This folder contains scripts that run all nearest neighbor searches in a number of libraries. For the most part, the scripts are very bare-bones. For example, they don't even output the results.
To run the scripts, you'll obviously first need to install the libraries.
The /install
folder in this repo contains scripts for installing all of these libraries.
With all the libraries installed, just call the runtest.sh
script with a single parameter that is the dataset to test on.
The table below provides a brief description of the libraries compared against.
Library | Description |
---|---|
FLANN | The Fast Library for Approximate Nearest Neighbor queries. This C++ library is the standard method for nearest neighbor in Matlab/Octave and the OpenCV computer vision toolkit. |
Julia | A popular new language designed from the ground up for fast data processing. Julia supports faster nearest neighbor queries using the KDTrees.jl package. |
Langford's cover tree | A reference implementation for the cover tree data structure created by John Langford. The implementation is in C, and the data structure is widely included in C/C++ machine learning libraries. |
MLPack | A C++ library for machine learning.
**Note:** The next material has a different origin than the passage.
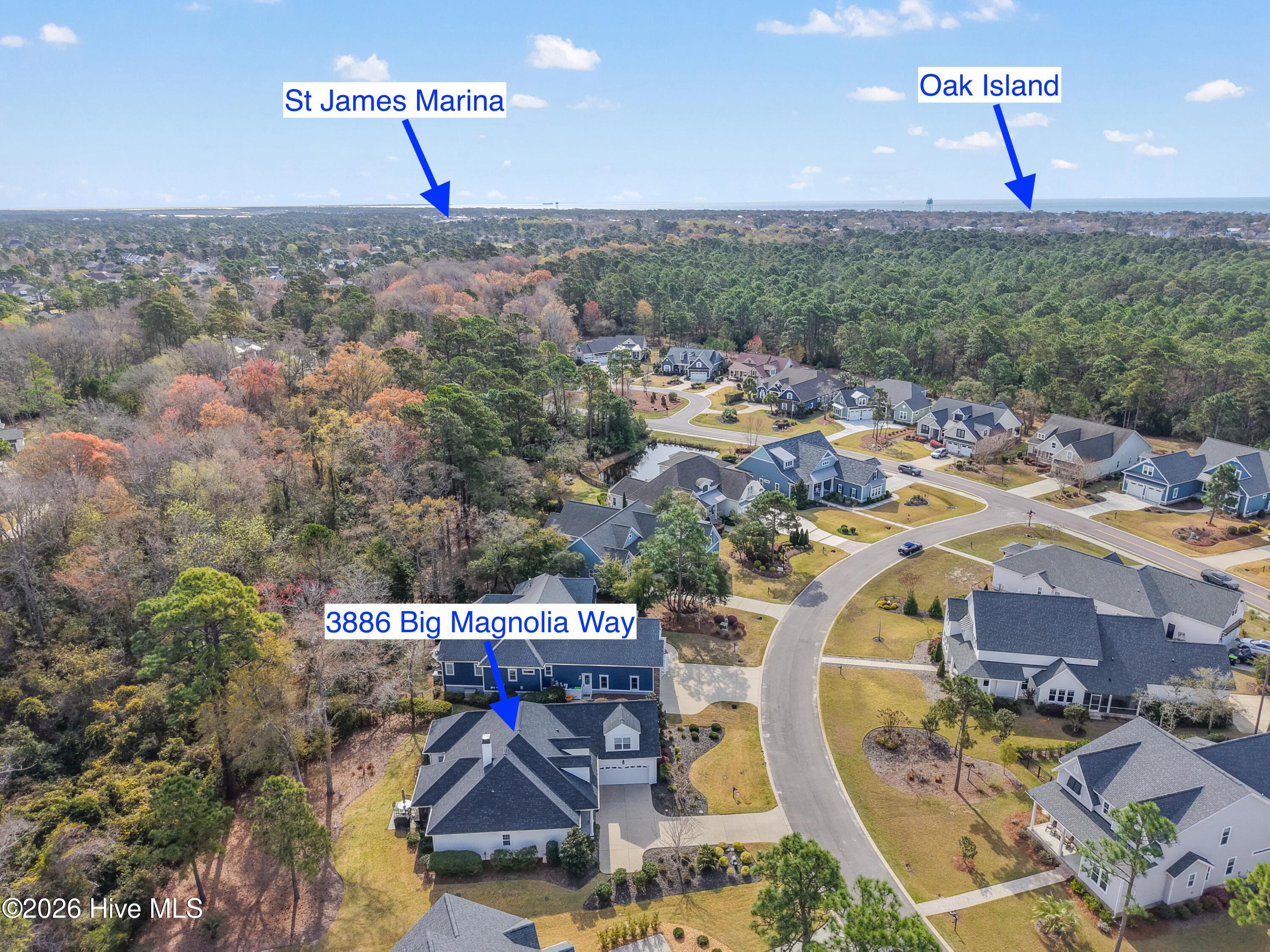 A rare blend of coastal charm and refined luxury, this home is tucked within an exclusive bird sanctuary community, offering a serene private setting where nature becomes part of your everyday backdrop. Imagine family and friends gathering after a sun soaked day on the beach, an afternoon cruising the water, or hours unwinding by the pool. The home becomes the heart of every moment--open, inviting, and designed for effortless coastal living. Soft breezes drift through spacious living areas, while natural light pours in, highlighting elegant finishes and thoughtful craftsmanship. Outdoors, the tranquil surroundings create a sense of retreat, where the calls of coastal birds and the rustle of nature set the tone for peaceful evenings. This is more than a home; it's a sanctuary where luxury meets nature and every day feels like a getaway. Whether you're looking for a second home or making it your forever slice of paradise you will feel right at home at 3886 Big Magnolia Way. As a St. James resident, you'll enjoy access to four gated entrances, a private beach club with showers, gated parking and pool, a full-service marina featuring Beacon 315 Restaurant and Tiki Bar, The Apothecary boutique pharmacy, parks, trails, kayak launch, dog parks and an Amphitheatre. Optional club membership offers 81 holes of championship golf, five restaurants, indoor and outdoor pools, tennis, pickle ball, croquet, and three state-of-the-art fitness centers. St. James offers the best of both worlds: the ease of a lock and leave lifestyle and the fulfillment of true coastal living.

MLPack was the first library to demonstrate the utility of generic programming in machine learning. The interface for nearest neighbor queries lets you use either a cover tree or kdtree. |
R | A popular language for statisticians. Nearest neighbor queries are implemented in the FNN package, which provides bindings to the C-based ANN library for kdtrees. |
scikit-learn | The Python machine learning toolkit. The documentation is very beginner friendly and easy to learn. The interface for nearest neighbor queries lets you use either a ball tree or kdtree to speed up the calculations. Both data structures were written in Cython. |
Weka | A Java data mining tool with a popular GUI frontend. Nearest neighbor queries in Weka are very, very slow for me and not remotely competitive with any of the libraries above. |